The ellipse function in the ellipse package chooses c from the chi
squared distribution (since if x1 and x2 are normally distributed with
mean 0 (or have the mean subtracted), then x1^2/v1 +x2^2/v2 is chi
squared distributed with 2 degrees of freedom.
So if you really want to you can try to approximate the contours in
some other way, but any decent approach will just converge to the
ellipse.
On Sat, Mar 3, 2012 at 1:26 PM, drflxms <drflxms at googlemail.com> wrote:
> Wow, David,
>
> thank you for these sources, which I just screened. bagplot looks most
> promising to me. I found it in the package ‘aplpack’ as well as in the R
> Graph Gallery
> http://addictedtor.free.fr/graphiques/RGraphGallery.php?graph=112
>
> Ellipses are not exactly what I am heading for. I am looking for a 2D
> equivalent of plotting 1D standard deviation boundaries. In other words
> how to plot SD boundaries on a 2D scatter plot.

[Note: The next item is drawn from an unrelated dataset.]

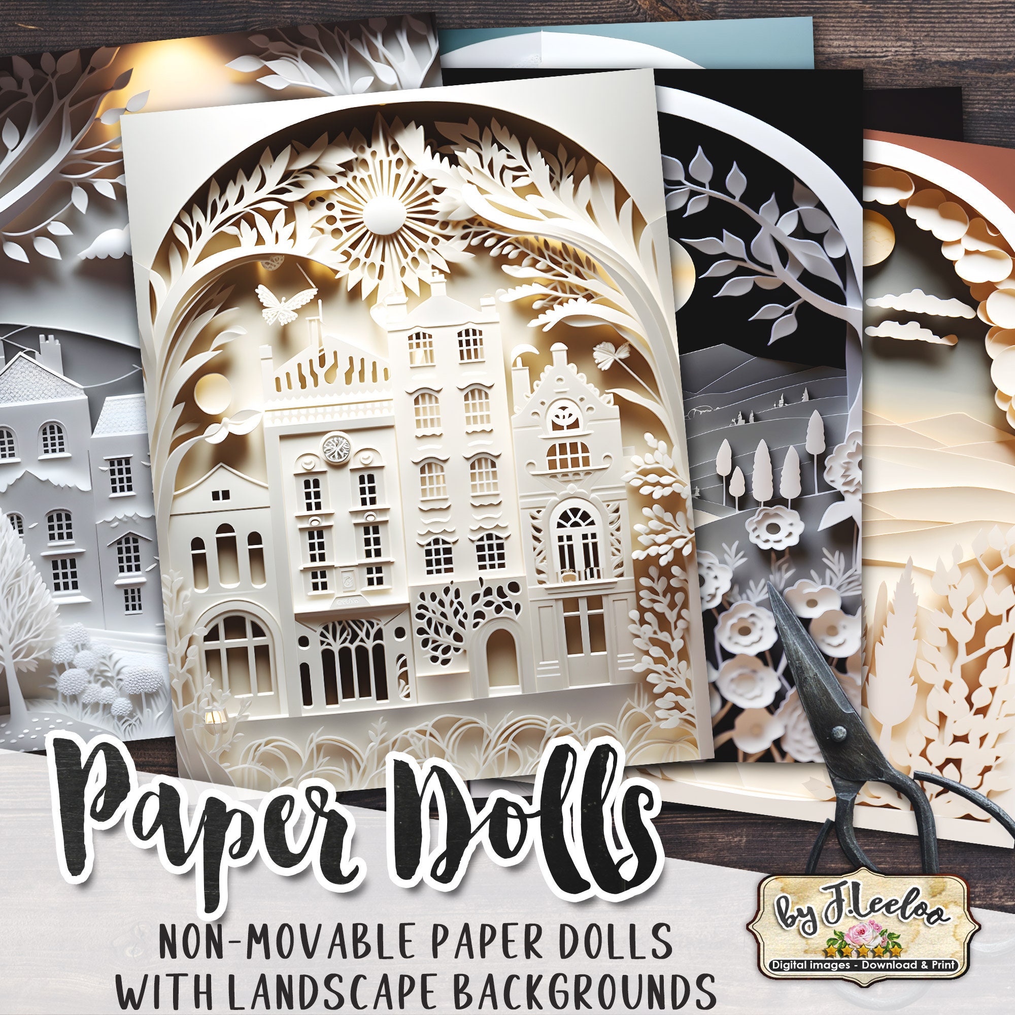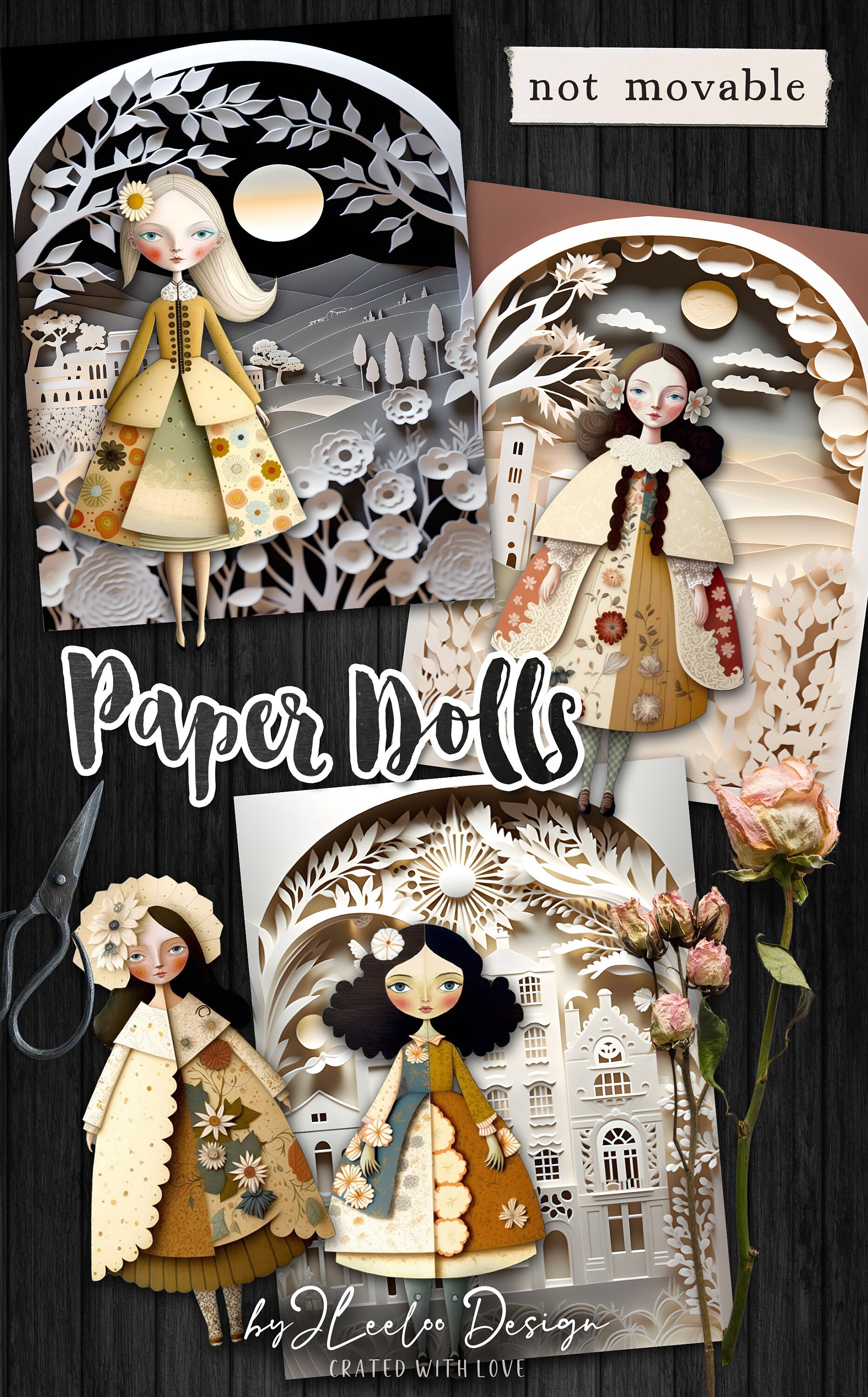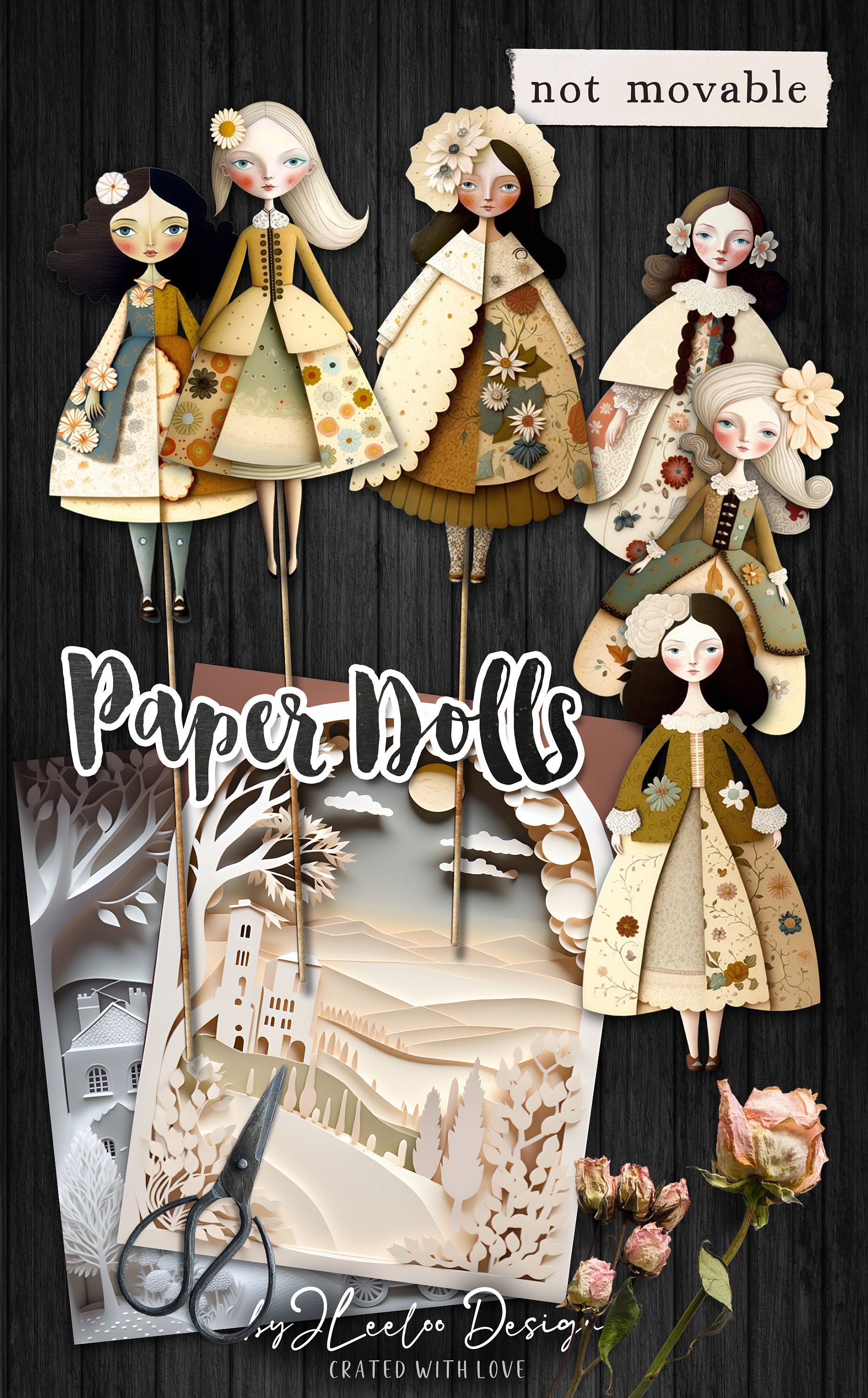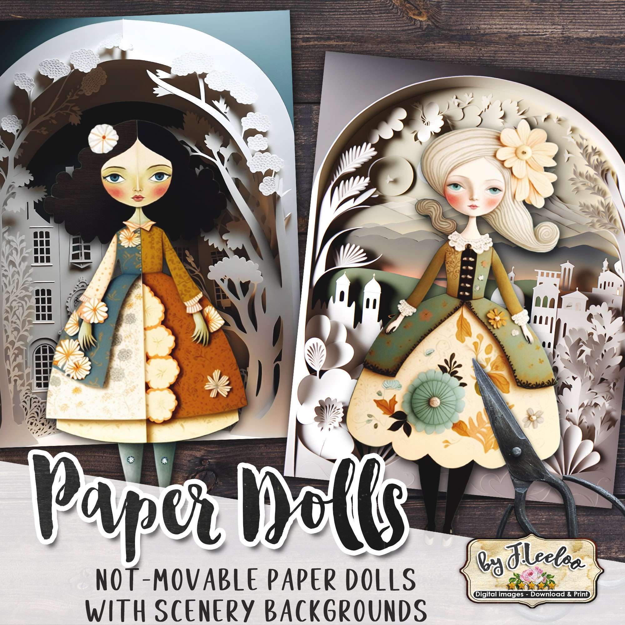 Paper dolls (not movable) with sceneries: perfect to use as junk journal ephemera, scrapbooking, collages, and more!

> So I started searching for contour/boundaries etc. instead of ellipse
> leading me to Pascal Hänggi:
> http://www.mail-archive.com/r-help@r-project.org/msg24013.html
>
> To describe it in an image: I want to cut the density mountain above the
> scatter plot (see demo(bivar) in the rgl package) in a way so that the
> part of the mountain, that covers 68% of the data on the x-y-plane below
> it (+-1 SD) is removed. Then I'd like to project the edge that results
> from the cut to the x-y-plane below the mountain. This should be the 2d
> equivalent of 1s SD boundaries.
>
> I think this might be achieved as well by Hänggis code as by the
> function of Forester. Unfortunately they result in slightly different
> boundaries which shouldn't be the case. And I did not figure out which
> one is correct if one is correct at all (!?).
>
> Can anyone explain the difference?
>
> I compared them with this code:
>
> # parameters:
> n<-100
>
> # generate samples:
> set.seed(138813)
> x<-rnorm(n); y<-rnorm(n)
> a<-list("x"=x,"y"=y) # input for Foresters function which is appended at
> the very end
>
> # estimate non-parameteric density surface via kernel smoothing
> library(MASS)
> den<-kde2d(x, y, n=n)
>
> z <- array()
> for (i in 1:n){
> z.x <- max(which(den$x < x[i]))
> z.y <- max(which(den$y < y[i]))
> z[i] <- den$z[z.x, z.y]
> }
>
> # store class/level borders of confidence interval in variables
> confidence.border <- quantile(z, probs=0.05, na.rm = TRUE)# 0.05
> corresponds to 0.95 in draw.contour
>
> plot(x,y)
> draw.contour(a, alpha=0.95)
> par(new=TRUE)
> contour(den, levels=confidence.border, col = "red", add = TRUE)
>
>
> ###########################################
> ## drawcontour.R
> ## Written by J.D. Forester, 17 March 2008
> ###########################################
>
> ## This function draws an approximate density contour based on
> empirical, bivariate data.
>
> ##change testit to FALSE if sourcing the file
> testit=TRUE
>
> draw.contour<-function(a,alpha=0.95,plot.dens=FALSE, line.width=2,
> line.type=1, limits=NULL, density.res=800,spline.smooth=-1,...){
> ## a is a list or matrix of x and y coordinates (e.g.,
> a=list("x"=rnorm(100),"y"=rnorm(100)))
> ## if a is a list or dataframe, the components must be labeled "x" and "y"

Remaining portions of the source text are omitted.